**Your assignment:** Please repeat only the lines below starting at the line that holds "Instead, the footage" and ending at the line that holds "AVISO LICITACIONES: Sociedad", exactly, with both of those lines included and every picture omitted.

**Records for this task:**
________________________________________
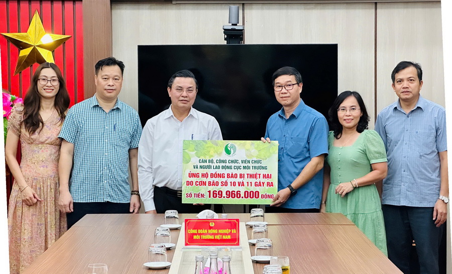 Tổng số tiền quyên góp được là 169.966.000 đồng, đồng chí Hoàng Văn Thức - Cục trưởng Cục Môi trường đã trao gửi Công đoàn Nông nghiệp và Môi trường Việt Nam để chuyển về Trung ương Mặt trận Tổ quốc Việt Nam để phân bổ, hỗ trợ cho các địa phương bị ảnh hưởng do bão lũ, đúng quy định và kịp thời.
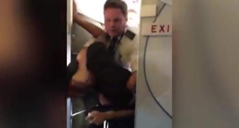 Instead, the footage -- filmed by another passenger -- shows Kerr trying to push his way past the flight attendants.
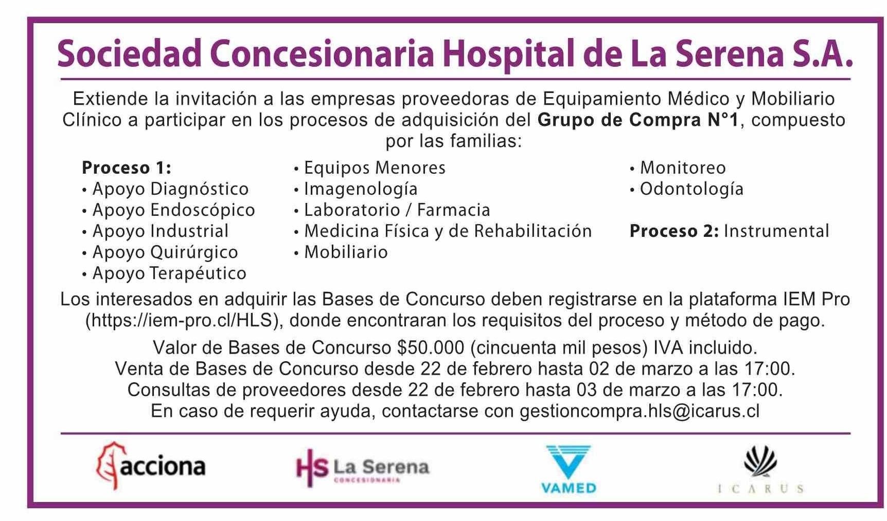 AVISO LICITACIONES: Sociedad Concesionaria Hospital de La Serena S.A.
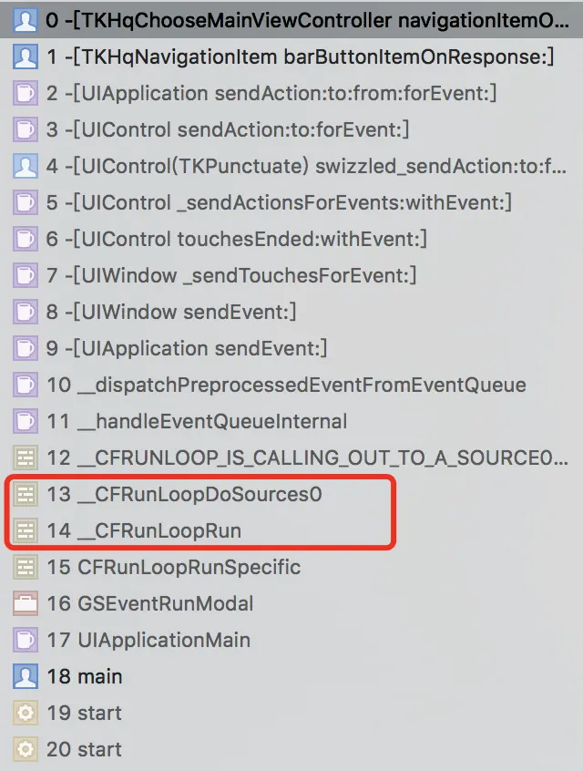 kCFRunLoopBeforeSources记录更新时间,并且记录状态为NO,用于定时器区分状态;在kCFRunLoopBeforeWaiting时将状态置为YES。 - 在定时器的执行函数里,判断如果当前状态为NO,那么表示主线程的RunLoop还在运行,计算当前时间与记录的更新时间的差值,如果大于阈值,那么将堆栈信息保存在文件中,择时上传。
________________________________________
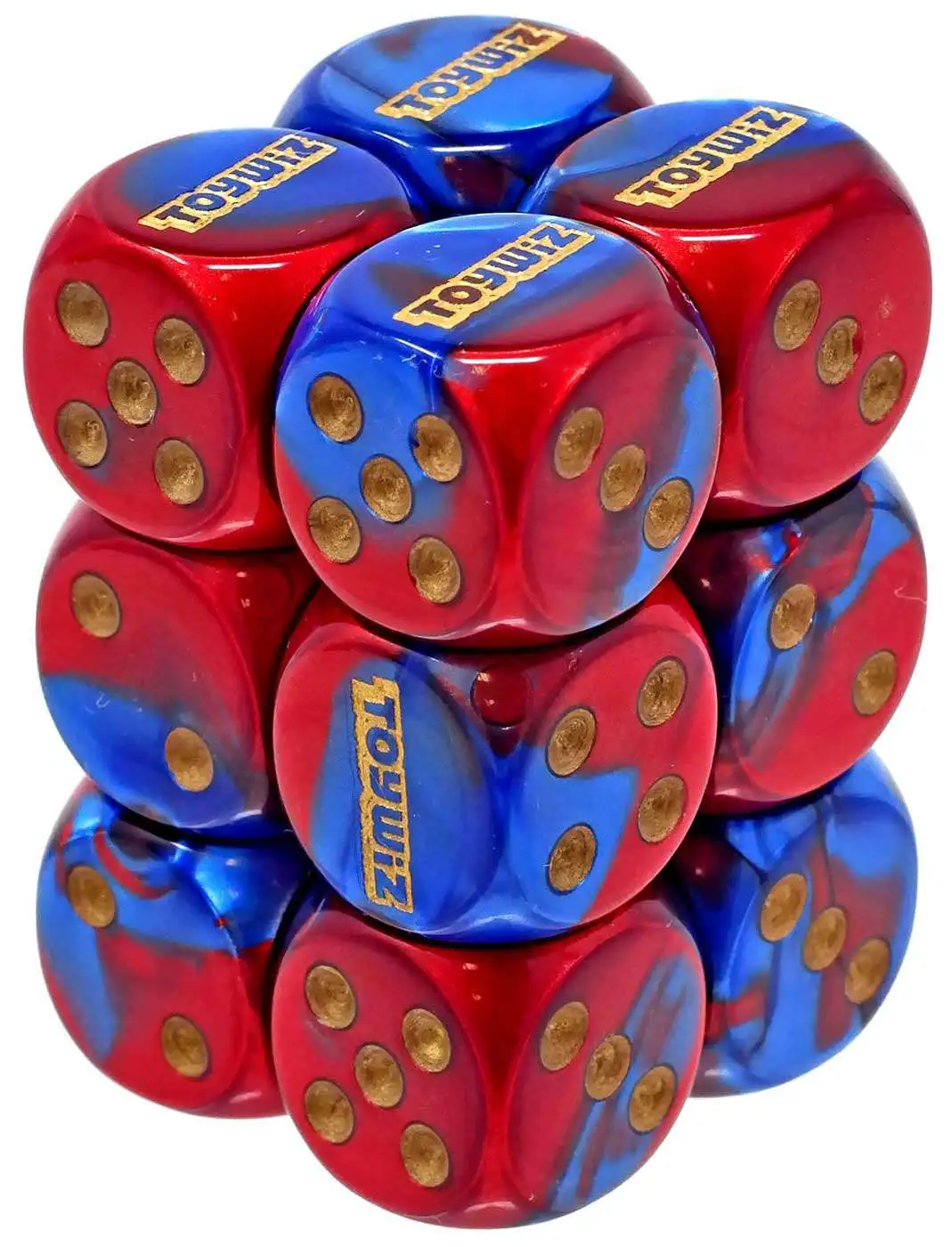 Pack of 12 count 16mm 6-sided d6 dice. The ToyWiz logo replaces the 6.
________________________________________
**Task answer:**
 Instead, the footage -- filmed by another passenger -- shows Kerr trying to push his way past the flight attendants.
 AVISO LICITACIONES: Sociedad Concesionaria Hospital de La Serena S.A.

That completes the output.